'''

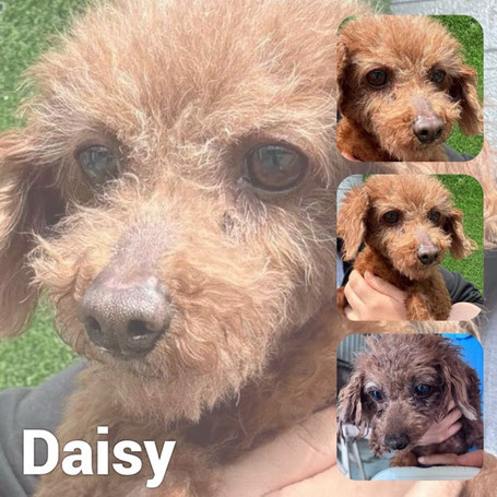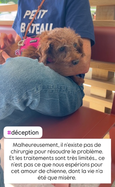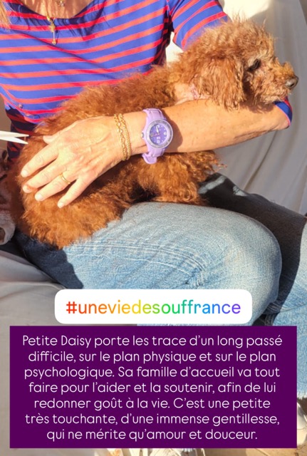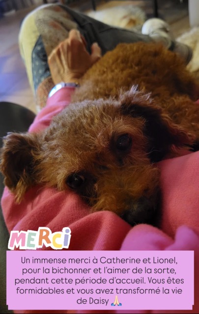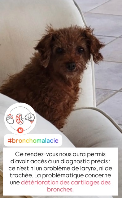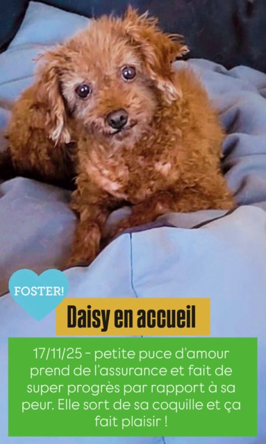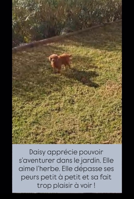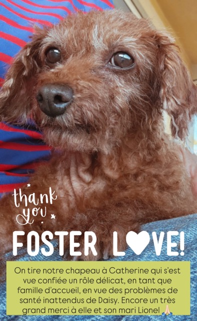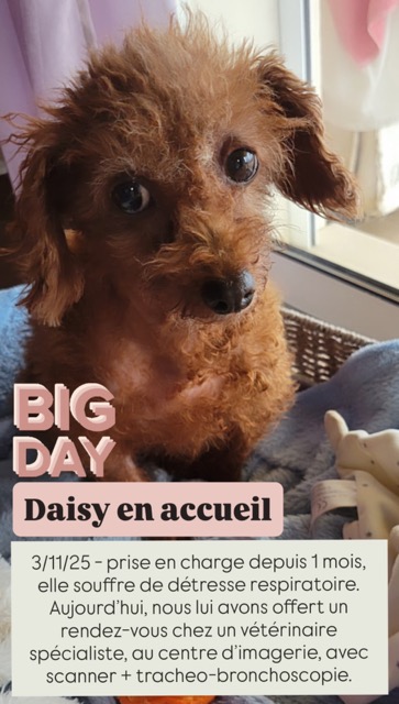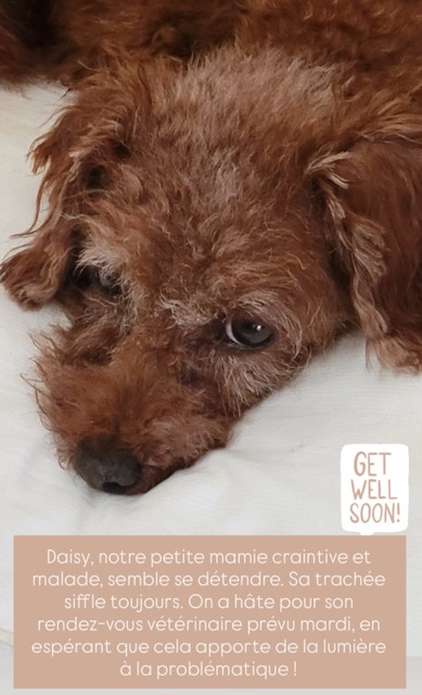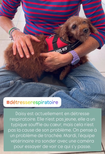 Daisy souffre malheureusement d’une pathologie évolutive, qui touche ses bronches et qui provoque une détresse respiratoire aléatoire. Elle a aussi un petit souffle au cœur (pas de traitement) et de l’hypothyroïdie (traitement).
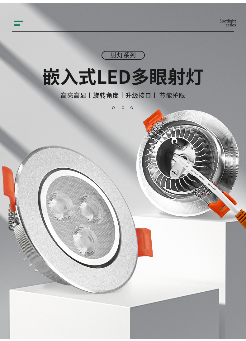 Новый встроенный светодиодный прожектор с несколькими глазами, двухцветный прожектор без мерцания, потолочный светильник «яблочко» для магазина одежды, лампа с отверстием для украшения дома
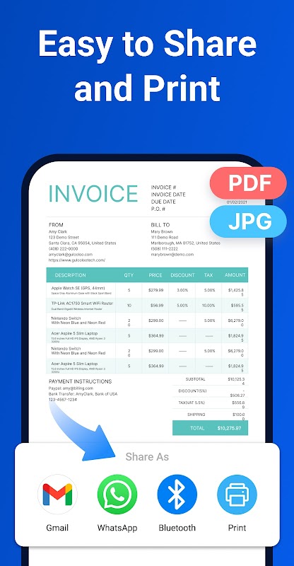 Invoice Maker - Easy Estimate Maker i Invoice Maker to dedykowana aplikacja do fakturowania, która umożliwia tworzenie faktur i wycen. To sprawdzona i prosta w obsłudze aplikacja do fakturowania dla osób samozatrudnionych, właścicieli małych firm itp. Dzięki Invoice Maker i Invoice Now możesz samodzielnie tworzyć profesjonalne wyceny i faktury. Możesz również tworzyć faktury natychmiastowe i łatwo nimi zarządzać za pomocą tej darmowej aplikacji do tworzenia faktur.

'''

Output each of the lines above exactly, apart from the images.

> EXPECTED OUTPUT:
 Daisy souffre malheureusement d’une pathologie évolutive, qui touche ses bronches et qui provoque une détresse respiratoire aléatoire. Elle a aussi un petit souffle au cœur (pas de traitement) et de l’hypothyroïdie (traitement).
 Новый встроенный светодиодный прожектор с несколькими глазами, двухцветный прожектор без мерцания, потолочный светильник «яблочко» для магазина одежды, лампа с отверстием для украшения дома
 Invoice Maker - Easy Estimate Maker i Invoice Maker to dedykowana aplikacja do fakturowania, która umożliwia tworzenie faktur i wycen. To sprawdzona i prosta w obsłudze aplikacja do fakturowania dla osób samozatrudnionych, właścicieli małych firm itp. Dzięki Invoice Maker i Invoice Now możesz samodzielnie tworzyć profesjonalne wyceny i faktury. Możesz również tworzyć faktury natychmiastowe i łatwo nimi zarządzać za pomocą tej darmowej aplikacji do tworzenia faktur.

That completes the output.